- Your objective
Excluding every picture, print exactly the lines from the one containing "I decided it" through the end of the material below, both ends included.

- Study material
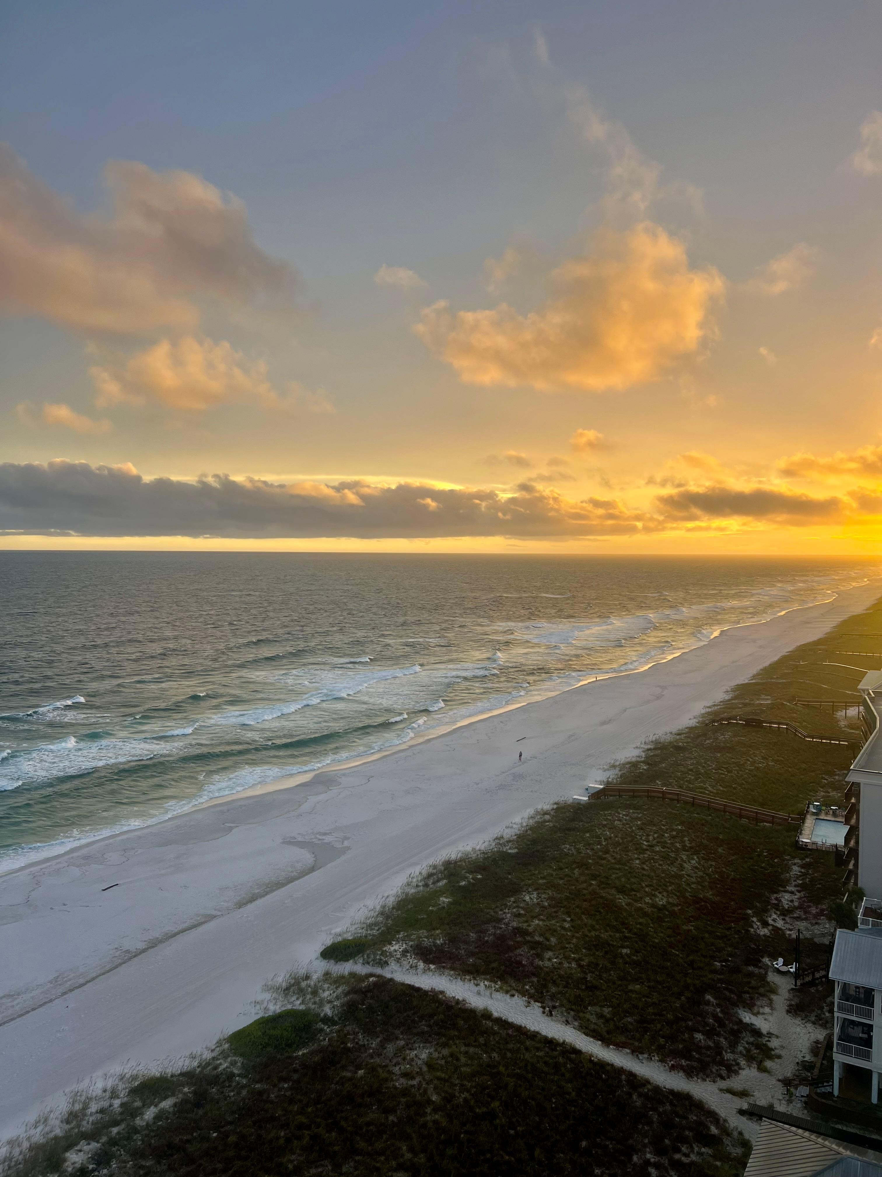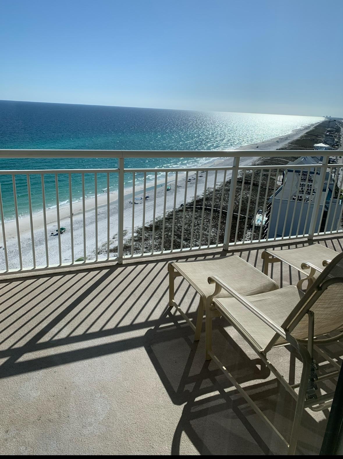 One of the largest 3BR/3BA condos on Navarre Beach. 2 Gulf front bedrooms with floor to ceiling glass for unobstructed views across the Gulf and down Santa Rosa Island. Access the private Gulf front balcony from the great room and two bedrooms. From the balcony you will see breath-taking sunrises and sunsets over the Gulf throughout the winter season, sunsets over the Santa Rosa Sound in summer, and rolling dolphin all year round. The third bedroom has a nice Sound view.
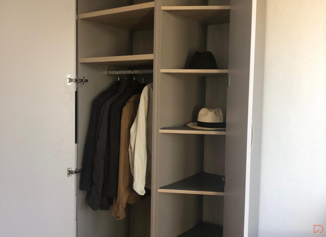 Hemos diseñado este armario con el sistema a medida que ofrecemos, dejando un pequeño espacio en hueco para aportarle un toque de estética.
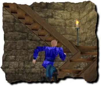 I decided it would be a good idea to run up to the top, and talk to the guard up top. But then I thought, “What kind of guard lets an entire Temple be burned to the ground? Obviously, a lazy one. He was probably asleep, and didn’t see anything happen. Going up to talk to him would be a waste of my time.”
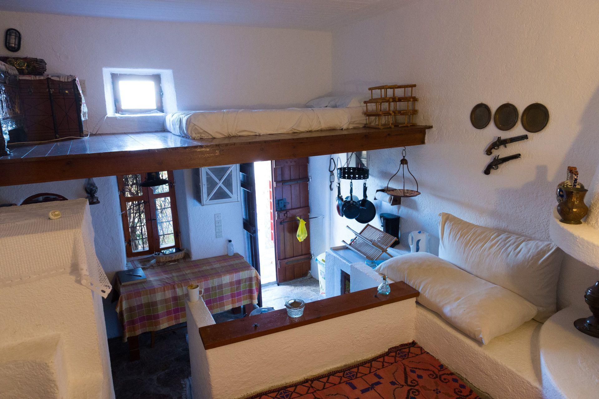 Das 1905 traditionell erbaute Steinhaus verbindet rustikale Merkmale mit luxuriöser Ausstattung. Es wurde 1930 umgebaut und 1965 von dem bekannten Architekten Theodosopulos gekauft, der es restaurierte. Das Innere des Hauses ist mit Sichtmauerwerk, Holzbalken und eleganten Möbeln ausgestattet, die eine warme und gemütliche Atmosphäre schaffen. Es kann bis zu 4 Personen in 2 verschiedenen Räumen beherbergen. Inklusive A/C. Ein kleiner Innenhof mit Blumen. Im Haus Essbereich mit Tisch und Küche mit allen Utensilien. Dann die Sitzecke mit Kamin und weiter das erste Schlafzimmer mit zwei Einzelbetten und Kamin. Ein paar Stufen hinauf und Sie befinden sich im Hochparterre und im Hauptschlafzimmer mit Doppelbett. Die Tür auf der rechten Seite führt Sie auf die überdachte Veranda mit Esstisch für sechs Erwachsene und Sommerküche. Hervorragender Blick auf das Meer, den Hafen von Elounda und die Strände.
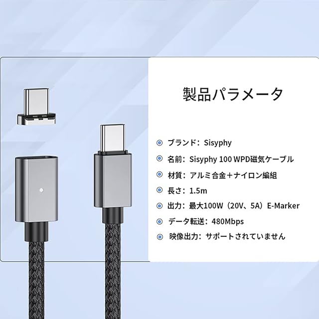 【強力なマグネット】Mcbookやその他のUSB-Cデバイスの充電中に外れてしまわないよう、磁力の強い最新マグネットを採用しました。 もちろん、電源ケーブルに過度の負担がかかった場合は外れるようになっています。
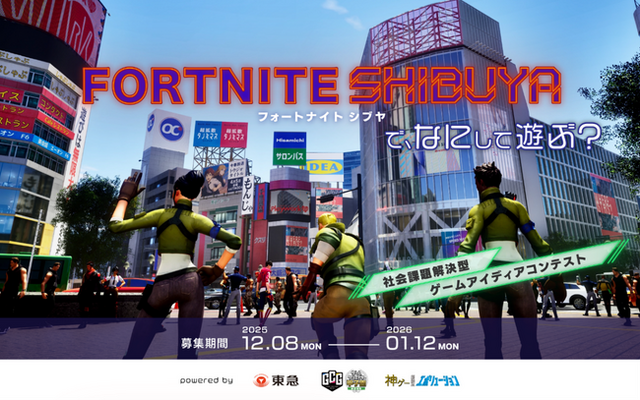 株式会社ゲームクリエイターズギルドおよび東急株式会社(以下、東急)は、社会課題解決型ゲームアイデアコンテスト『FORTNITE SHIBUYAで、なにして遊ぶ?』(以下、本コンテスト)の開催を発表し、12月8日からアイデアの募集を開始しています。

- Written answer
 I decided it would be a good idea to run up to the top, and talk to the guard up top. But then I thought, “What kind of guard lets an entire Temple be burned to the ground? Obviously, a lazy one. He was probably asleep, and didn’t see anything happen. Going up to talk to him would be a waste of my time.”
 Das 1905 traditionell erbaute Steinhaus verbindet rustikale Merkmale mit luxuriöser Ausstattung. Es wurde 1930 umgebaut und 1965 von dem bekannten Architekten Theodosopulos gekauft, der es restaurierte. Das Innere des Hauses ist mit Sichtmauerwerk, Holzbalken und eleganten Möbeln ausgestattet, die eine warme und gemütliche Atmosphäre schaffen. Es kann bis zu 4 Personen in 2 verschiedenen Räumen beherbergen. Inklusive A/C. Ein kleiner Innenhof mit Blumen. Im Haus Essbereich mit Tisch und Küche mit allen Utensilien. Dann die Sitzecke mit Kamin und weiter das erste Schlafzimmer mit zwei Einzelbetten und Kamin. Ein paar Stufen hinauf und Sie befinden sich im Hochparterre und im Hauptschlafzimmer mit Doppelbett. Die Tür auf der rechten Seite führt Sie auf die überdachte Veranda mit Esstisch für sechs Erwachsene und Sommerküche. Hervorragender Blick auf das Meer, den Hafen von Elounda und die Strände.
 【強力なマグネット】Mcbookやその他のUSB-Cデバイスの充電中に外れてしまわないよう、磁力の強い最新マグネットを採用しました。 もちろん、電源ケーブルに過度の負担がかかった場合は外れるようになっています。
 株式会社ゲームクリエイターズギルドおよび東急株式会社(以下、東急)は、社会課題解決型ゲームアイデアコンテスト『FORTNITE SHIBUYAで、なにして遊ぶ?』(以下、本コンテスト)の開催を発表し、12月8日からアイデアの募集を開始しています。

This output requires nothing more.